2021-12-03 QCA Submission meeting notes

Participants

  • Ben Pritchard

  • @Joshua Horton

  • @Jeffrey Wagner

  • @Chapin Cavender

  • @Pavan Behara

Goals

  • Updates from MolSSI

    • deploying psi4 1.5, incompatibilities of qcelemental 0.24, qcengine 0.21 with qcfractal 0.15.7

  • Compute

    • QM workers on Lilac

    • QM workers on Newcastle

    • QM workers on TSCC

    • QM, ANI, XTB workers on PRP

      • need to expand XTB, increase memory of workers?

  • New submissions

    • submission issues

    • dipeptide dataset

      • brand_raw errors on PRP

    • ML datasets for OpenMM

      • multi-molecule issues with QCElemental - psi4 bug

  • User questions/issues

  • Science support needs

    • new openff-qcsubmit release

  • Infrastructure needs / advances

    • psi4 on conda-forge

Discussion topics

Item

Presenter

Notes

Item

Presenter

Notes

Updates from MolSSI

Ben

  • BP: We got hammered by a bunch of requests a little while ago (like 100/second) for entire datasets. So I blocked the IP temporarily and worked with DD to find the person in OpenFF and help them access it in a more healthy way.

  • BP: storage utilization creeping up, likely due to more wavefunctions storage

    • do need to plan a next-gen solution

    • JW: what kind of proactive steps can we take for 6 months to a year

    • BP: this factors into our options at ARC (VT supercomputer center)

      • our networking solution is somewhat better than previous, but we don’t have full control of the host

    • BP: have some stopgap measures on storage I can take, but they are painful

      • DD: can some of the NIH supplement be used for capital expense?

        • BP: pretty sure no

      • JW: there may be in-kind support OpenFF can provide re: hardware

    • JW: where are the wavefunctions coming from?

      • DD+JH: coming from pubchem single-points sets (OpenMM sets), more coming

    • JW: need to track down if Peter+John have funding for their pubchem set that will drive storage needs

      • JH: looking at ~1M calculations with wavefunctions

    • JW: If this is just a matter of ordering 20TB of SSD storage then we can just go straight ahead with this.

    • DD: It’s not just a short-term question - 20TB may get us a solution in the short term, but we’ll want to do a more sustainable solution in the long term.

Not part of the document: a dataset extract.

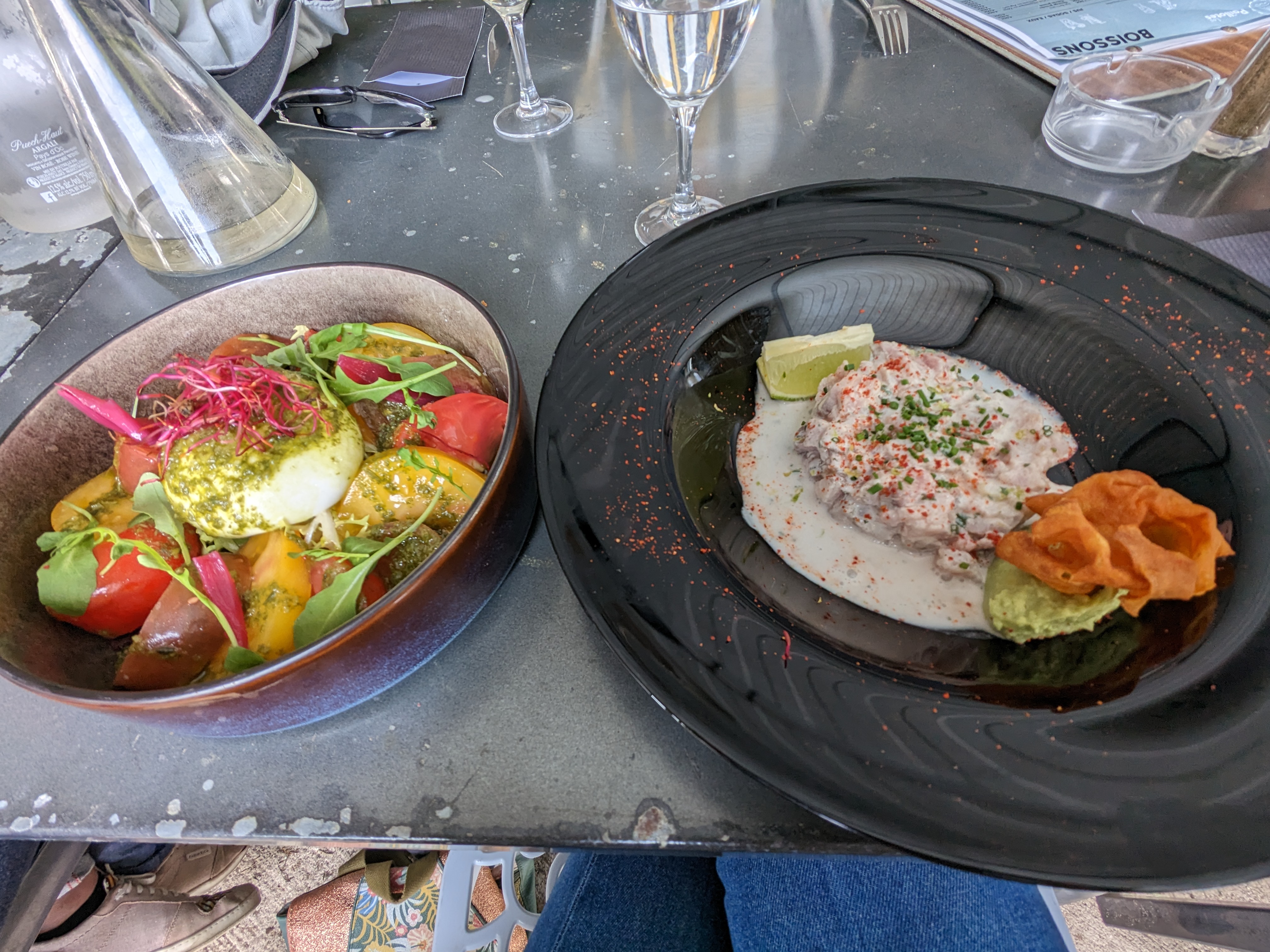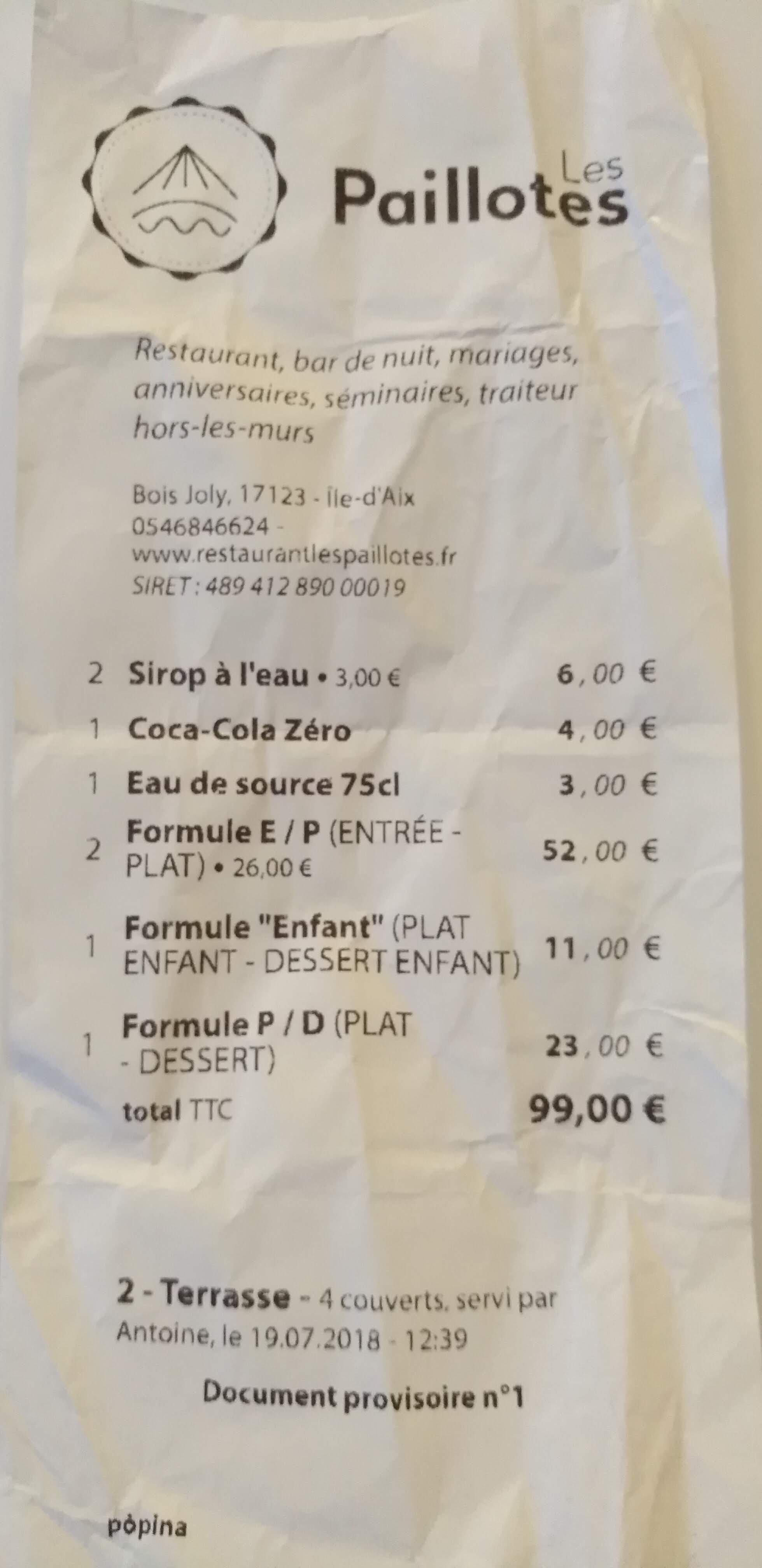 Un peu déçu !! Le restaurant est agréable, la terrasse à l'ombre. L'accueil est sympathique. Cependant un peu juste sur les plats. La viande manque de tendreté. La portion de pâte est vraiment light. Dommage également que ça soit juste chaud sur les assiettes. Le reste était correct mais sans plus. Je trouve également très limite que l'eau de source soit facturée sans qu'on nous informe car non commandée, ce n est pas commerçant et le tarif est exorbitant pour 75cl (je m en suis aperçu sur le bateau du retour). La bouteille d'eau est sur toutes les tables. (photo 1 que j avais prise pour la terrasse). Au final, ce petit détail m'agace et je pense que vous prenez les touristes pour des vaches à lait. J aimerai qu on m explique la dernière ligne de la note également !! (document provisoire) c est peut être plus facile pour faire passer du paiement en liquide.... Merci.

Could look at options for continued supercomputer hosting, bare metal hosting in MolSSI office, or cloud hosting.

    • BP – If each wavefunction is ~1MB, and we do a million of them, then that’s a terabyte. If there’s 1000 basis functions, then that’s a bit high…

Compute

 

  • DD – QM workers on lilac weren’t given time to clean up. Led to weird job statuses. I’ve opened an PR on QCFractal to mitigate this.

  • JH – We still have QM workers running on newcastle. They timed out today so I’ve resubmitted them

  • DD – Great. We may want to switch to XTB, but let’s discuss that later.

  • CC – TSCC is running right now - One job with 8 workers. I can spin up more if needed.

    • DD – Feel free to spin up more. We’re making forward progress, but more resources would be great.

  • DD – We have QM, ANI, and XTB workers on PRP.

  • DD – With XTB, we have two datasets that are error cycling, and seem to have memory issues?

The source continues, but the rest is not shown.